» **Brief**: Each line of the entries that contains the word "футболу" adds one. Reply with the resulting number only.

### Provided data ###

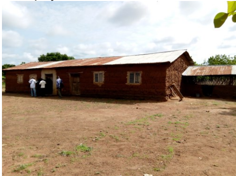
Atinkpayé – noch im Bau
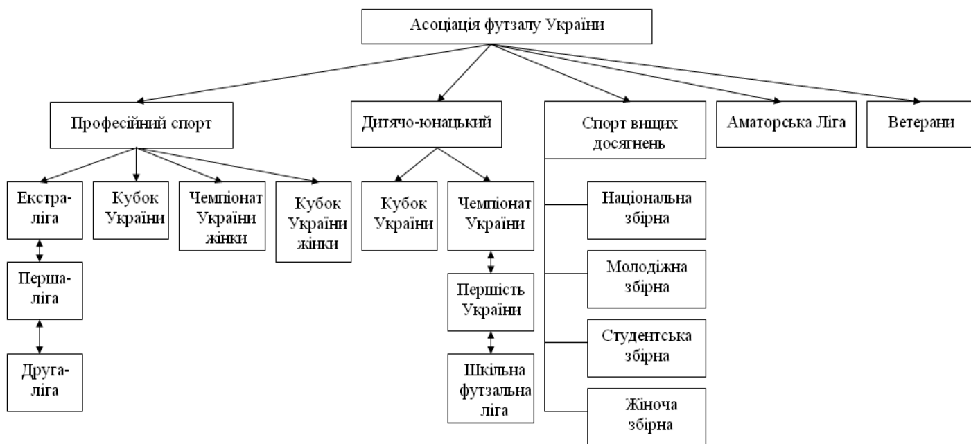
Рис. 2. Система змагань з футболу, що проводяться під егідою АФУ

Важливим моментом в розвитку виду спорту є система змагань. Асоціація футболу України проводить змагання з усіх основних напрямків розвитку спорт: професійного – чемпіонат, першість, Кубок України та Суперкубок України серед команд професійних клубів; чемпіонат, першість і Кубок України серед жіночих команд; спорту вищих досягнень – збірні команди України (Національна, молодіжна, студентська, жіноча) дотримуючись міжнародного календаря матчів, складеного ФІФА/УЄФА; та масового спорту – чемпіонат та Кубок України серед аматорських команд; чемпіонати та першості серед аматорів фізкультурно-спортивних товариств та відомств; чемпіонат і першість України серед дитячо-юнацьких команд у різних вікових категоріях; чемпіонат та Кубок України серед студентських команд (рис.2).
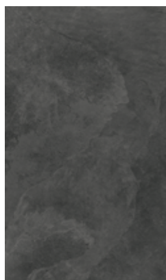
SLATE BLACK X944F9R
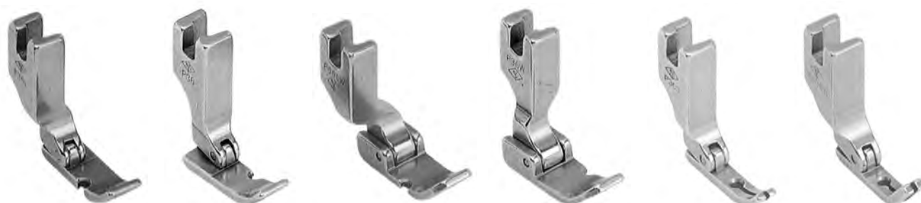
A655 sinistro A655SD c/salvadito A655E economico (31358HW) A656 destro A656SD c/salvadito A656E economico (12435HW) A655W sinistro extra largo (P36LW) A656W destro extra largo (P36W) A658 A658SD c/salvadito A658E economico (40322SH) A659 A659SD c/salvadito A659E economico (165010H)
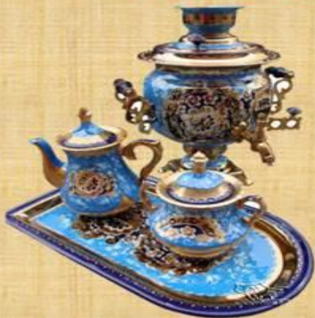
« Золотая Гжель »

###
### Provided data ###

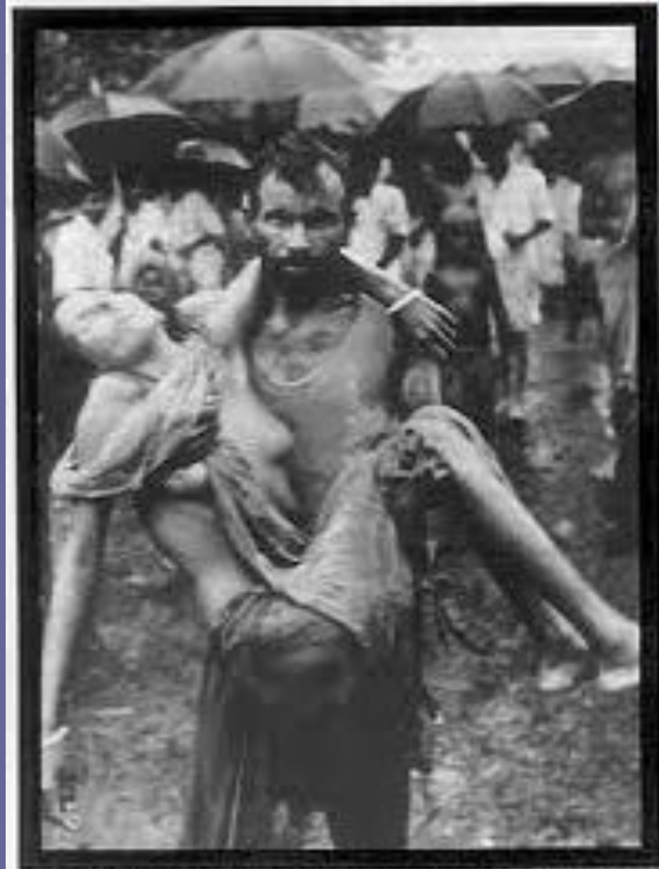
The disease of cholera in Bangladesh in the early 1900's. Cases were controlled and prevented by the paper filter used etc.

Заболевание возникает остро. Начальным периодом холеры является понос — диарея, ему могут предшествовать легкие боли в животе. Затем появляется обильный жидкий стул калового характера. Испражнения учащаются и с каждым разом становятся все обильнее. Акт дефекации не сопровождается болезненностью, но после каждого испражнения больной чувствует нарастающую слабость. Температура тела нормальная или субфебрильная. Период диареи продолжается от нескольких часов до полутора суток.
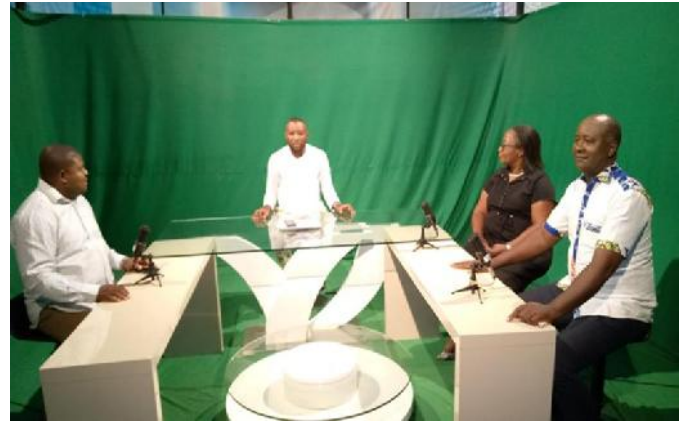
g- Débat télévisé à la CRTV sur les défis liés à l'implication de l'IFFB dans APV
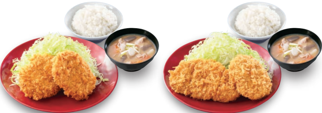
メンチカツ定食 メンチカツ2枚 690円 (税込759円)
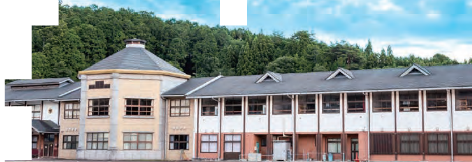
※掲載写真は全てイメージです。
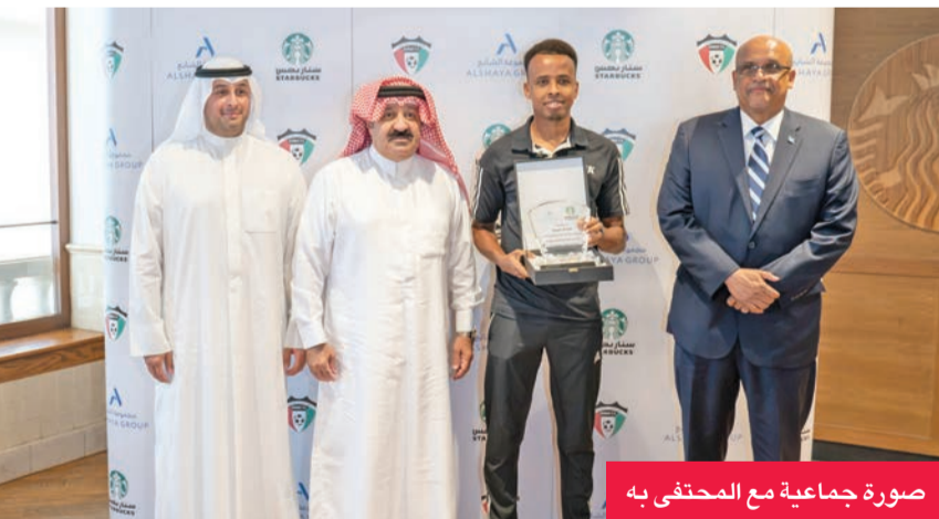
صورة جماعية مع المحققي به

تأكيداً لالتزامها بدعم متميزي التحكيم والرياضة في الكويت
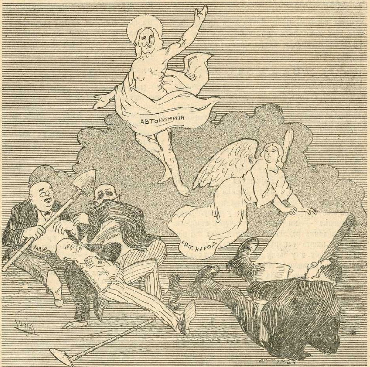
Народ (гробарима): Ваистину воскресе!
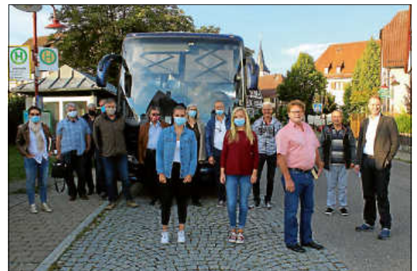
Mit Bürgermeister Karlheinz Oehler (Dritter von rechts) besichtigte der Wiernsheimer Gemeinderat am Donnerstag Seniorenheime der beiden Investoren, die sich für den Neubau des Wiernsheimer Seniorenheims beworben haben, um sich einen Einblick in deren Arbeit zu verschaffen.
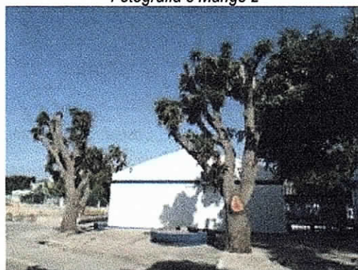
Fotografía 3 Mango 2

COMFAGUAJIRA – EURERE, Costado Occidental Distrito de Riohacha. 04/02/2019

###

» **Answer to the problem**: 2